5. **Query** Optional rephrase with chat history, retrieval, then answer from the LLM.
---
## Configuration reference (what to edit)
These are the main places to change behavior without restructuring the app.
### [server.py](server.py)
| What | Where |
|------|--------|
| Ollama model name | `OLLAMA_MODEL = "..."` |
| OpenAI model name | `OPENAI_MODEL = "..."` |
| Where the FAISS index is loaded from | `VECTORSTORE_PATH = "./vectorstore"` (must match your indexing script) |
### [local_rag.py](local_rag.py) `LocalRAG.__init__`
| What | Where (approx.) |
|------|------------------|
| Default vector store folder | Parameter `vectorstore_path="./vectorstore"` |
| Embedding model | `HuggingFaceEmbeddings(model_name="sentence-transformers/...")` |
| Chunk size and overlap | Module-level `CHUNK_SIZE` and `CHUNK_OVERLAP` (used by `RecursiveCharacterTextSplitter` when adding documents) |
| Default Ollama / OpenAI model strings | Parameters `ollama_model`, `openai_model`, `ollama_base_url` |
Changing the embedding model or chunk settings requires **rebuilding** the vector store (old index is not compatible).

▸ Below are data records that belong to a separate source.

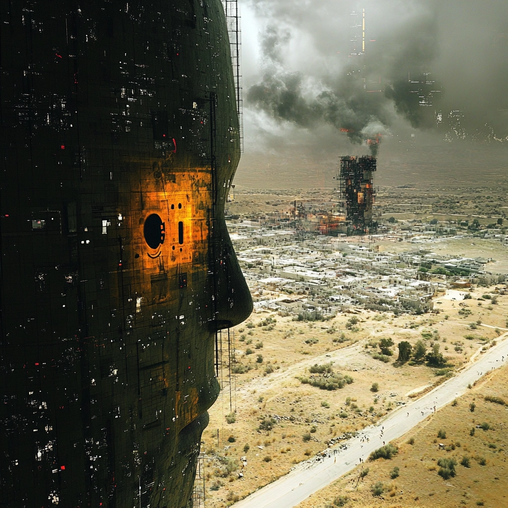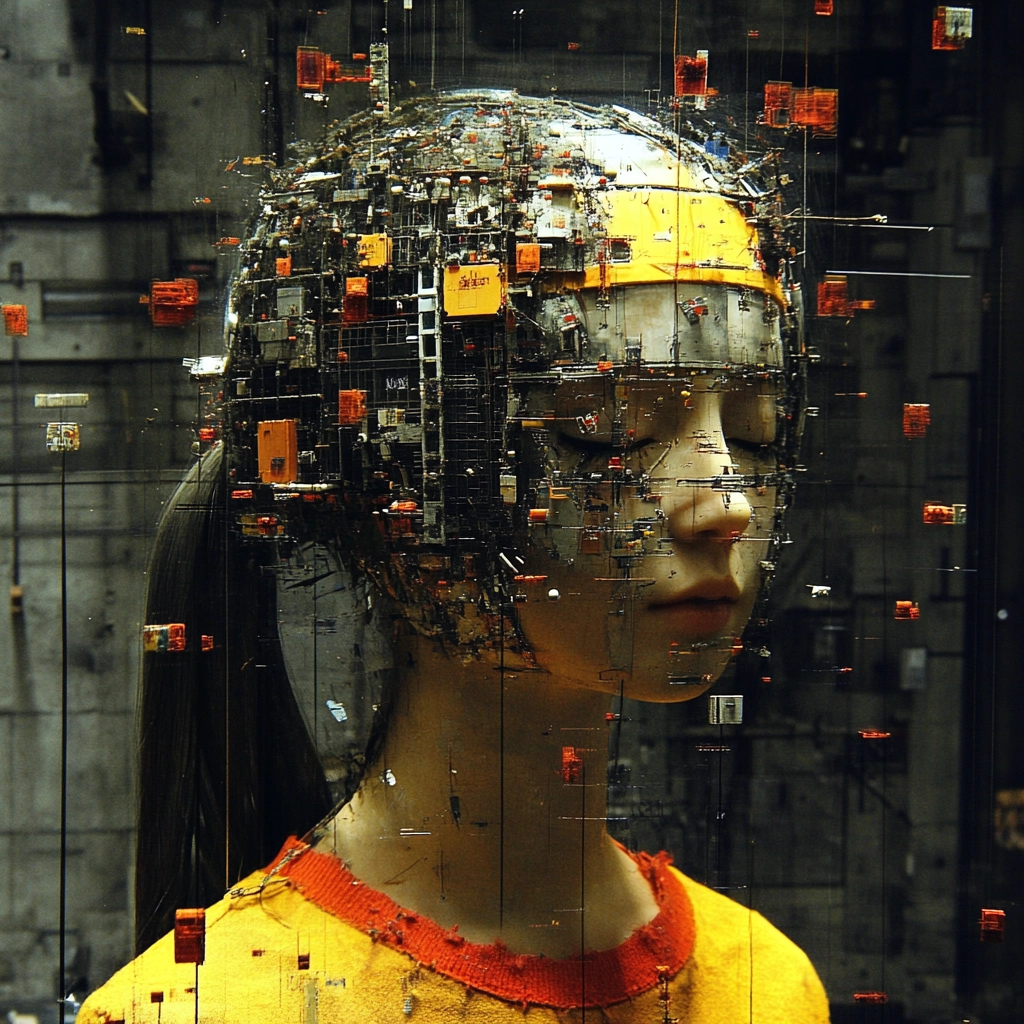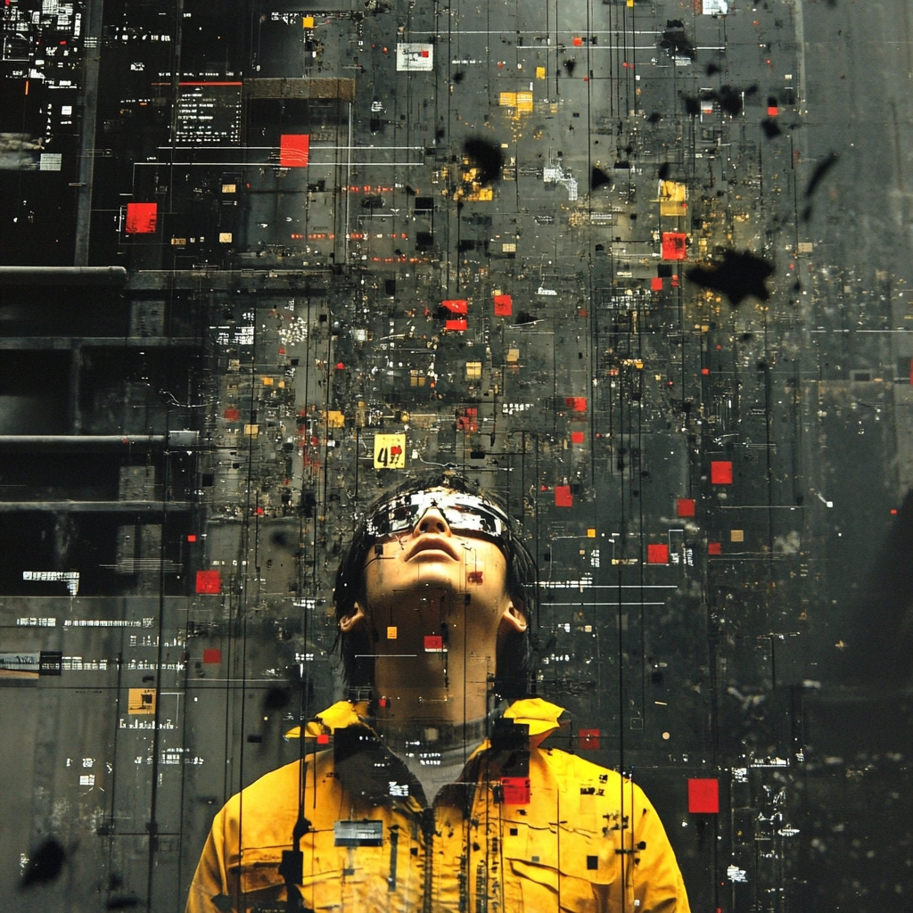 Precise digital elements contrast with bold color blocks over a muted and detailed background.
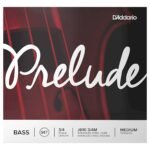 Juego de cuerdas para contrabajo, serie Prelude de D’Addario, escala 3/4, tensión media, aptas para contrabajos de 3/4 con una longitud de 41 3/4″ pulgadas (1060 mm), núcleo de acero multitrenzado, calidad de tono cálido, buena respuesta del arco, ideales para utilizar en entornos educativos, sonido claro y cálido que se combina bien en todo el encordado, paquete ecológico y resistente a la corrosión para conservar la frescura de las cuerdas.
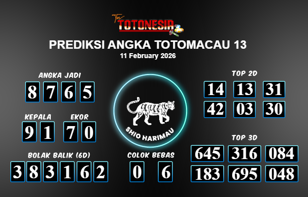 Toto Nesia : Bocoran Prediksi Togel TOTOMACAU 13 Tanggal 11 FEBUARI 2026
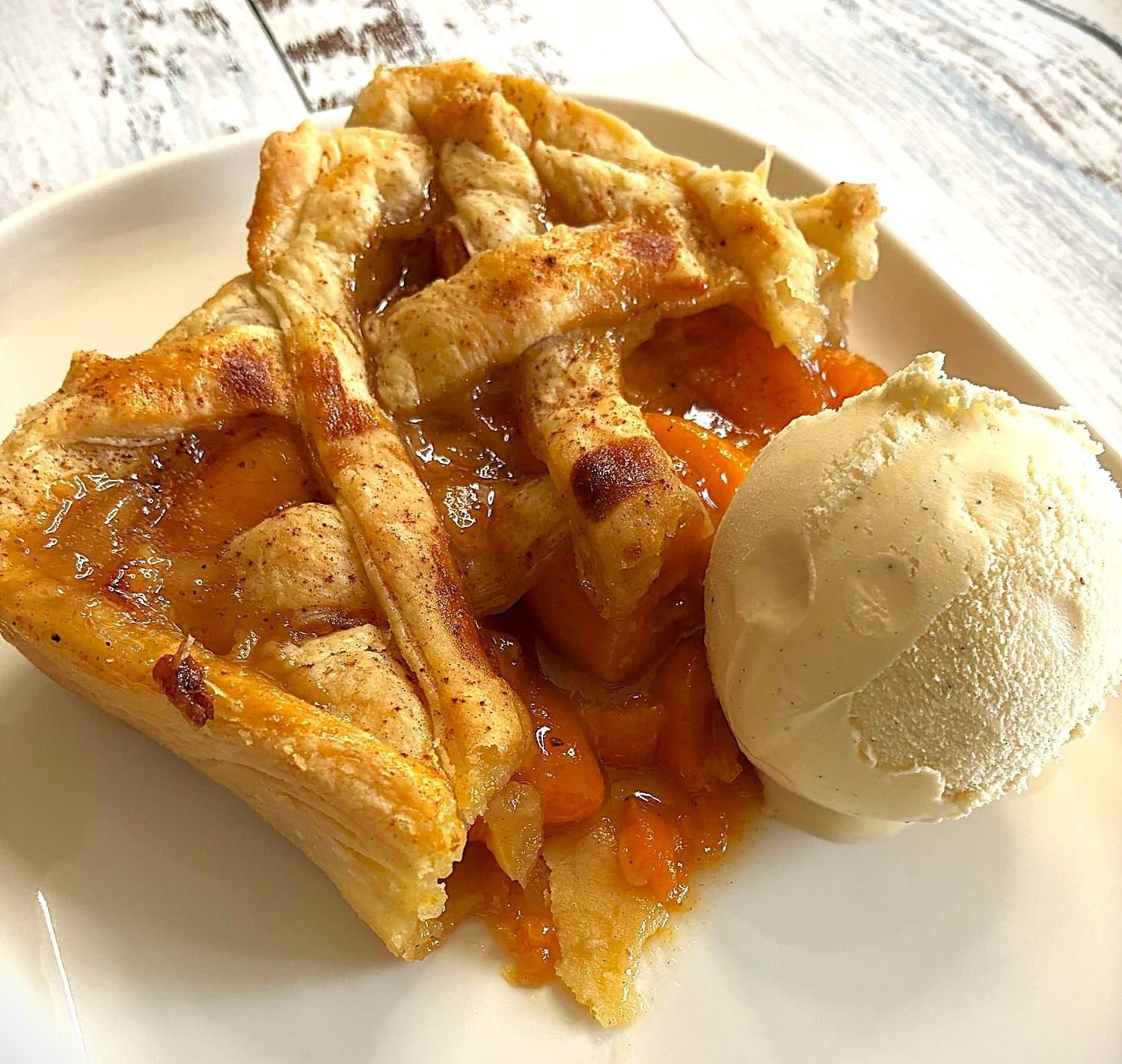 ''Het mooie van dit recept? Het is simpel, maar indrukwekkend. Je hoeft geen chef te zijn om iets spectaculairs op tafel te zetten. Met een paar blikken perziken, een goede roomboter en wat basisdeeg maak je een dessert waar je vrienden om gaan vragen. De korst is krokant en boterig, de vulling vol smaak, kruidig en fruitig – en dat allemaal uit eigen oven!''

### [local_rag.py](local_rag.py) `query_with_history`
| What | Where |
|------|--------|
| Default number of chunks retrieved (`k`) | Module-level `RETRIEVAL_K` (overrides: pass `k=` to `query` / `query_with_history`) |
| Extra text appended only to the **FAISS query** (biases retrieval, not the final answer phrasing) | `QUERY_ADDITIONAL_INSTRUCTIONS` (concatenated to the search query before embedding) |
| **Rephrase** prompt (standalone question when there is chat history) | String `rephrase_prompt = f"""..."""` inside `query_with_history` |
| **Answer** prompt opening instructions only | Module-level `ANSWER_PROMPT` (edit the role / style lines). The block from chat history through `Answer:` is built in `query_with_history` |
### [add_pdfs.py](add_pdfs.py)
| What | Where |
|------|--------|
| Folder to scan for PDFs | `DATA_ROOT = Path("...")` |
| Output vector store folder | `VECTORSTORE_PATH = "./vectorstore"` (keep in sync with `server.py`) |
| Wipe index vs merge | `CLEAR_VECTORSTORE_FIRST = True` (delete and rebuild) or `False` (append to existing index) |
---
## Dependencies (for developers)
See [requirements.txt](requirements.txt) for the full list (LangChain, FAISS, sentence-transformers, FastAPI, uvicorn, etc.).